Update: I tested this again since apparently my SAS file got corrupted while uploading it to S3 and with a valid SAS file I am at least able to do a count of the 28G file using one partition. I'll try another job that does a data export to make sure all the data makes it through.

Tagar commented 5 years ago

@nelson2005 @cristamd did you guys try spark-sas7bdat with https://github.com/saurfang/spark-sas7bdat/pull/44 ? It also upgrades parso to 2.0.10 which has some fixes for compressed char data in sas files.

thesuperzapper commented 5 years ago

@nelson2005 @cristamd Here are some pre-built jars for Spark 2.2, with #44 applied for convenience.

spark-sas7bdat_2.11-2.1.0_SNAPSHOT.zip

Tagar commented 5 years ago

@nelson2005 @cristamd Here are some pre-built jars for Spark 2.2, with #44 applied for convenience.

spark-sas7bdat_2.11-2.1.0_SNAPSHOT.zip

Thank you @thesuperzapper .. We're on Spark 2.3 .. let us know if you have a version precompiled for that? Will ask our users if they can test this.

Thanks!

thesuperzapper commented 5 years ago

@Tagar, I am pretty sure that Spark 2.3 should work with those files, tell me if not.

nelson2005 commented 5 years ago

@Tagar I have not had a chance to try #44 yet.

cristamd commented 5 years ago

@Tagar I was able to try both the no split logic and the split changes in #44 with a 27G SAS file and the system was able to process, sort, and save the file as a CSV with both options. Obviously only using one partition was much slower, but both jobs completed. I'm seeing some differences in the output at first glance, but I'll have to dig in a little more to find out if the data being parsed and then saved out is actually different. Hopefully I'll have a chance to do that tomorrow.

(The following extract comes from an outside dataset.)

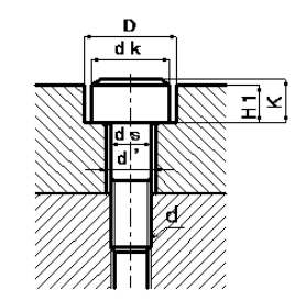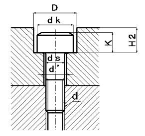 | Nominal screw (d) | ds | d' | dk | D | K | H1 | H2 |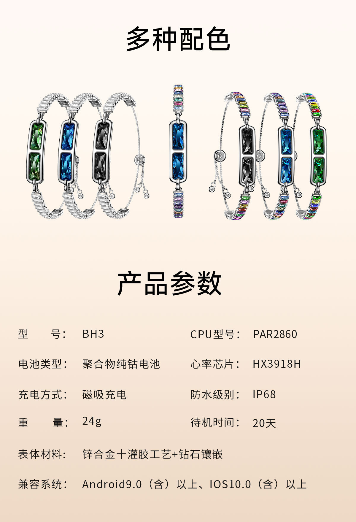 Кросс-бордерный новый смарт-браслет BH3 для женщин, измерение сердечного ритма, давления кислорода, сна, HRV, мониторинг женского здоровья

This is what I saw in the spark history server for the read stage when using the splitting logic:

This is what I saw when using the non-splitting logic:

The row count is the same for both, so I'm hopeful that the data will match as well.

PCaff commented 5 years ago

@Tagar It seems it's not quite there but it's very close! I'm able to get a row count from one of my data sets that would error out prior to the jars you shared above. However, it looks like the split size may be cutting off some rows at the beginning or end of the split. I cannot provide the data file, but I can try to help by providing some metadata. Row mismatch of: 148

Source: RowCount: 282124814 ColCount: 40 CreationDate: Jan 2016 Compressed Number of Deleted Rows: 53700 (Not sure if this affects anything)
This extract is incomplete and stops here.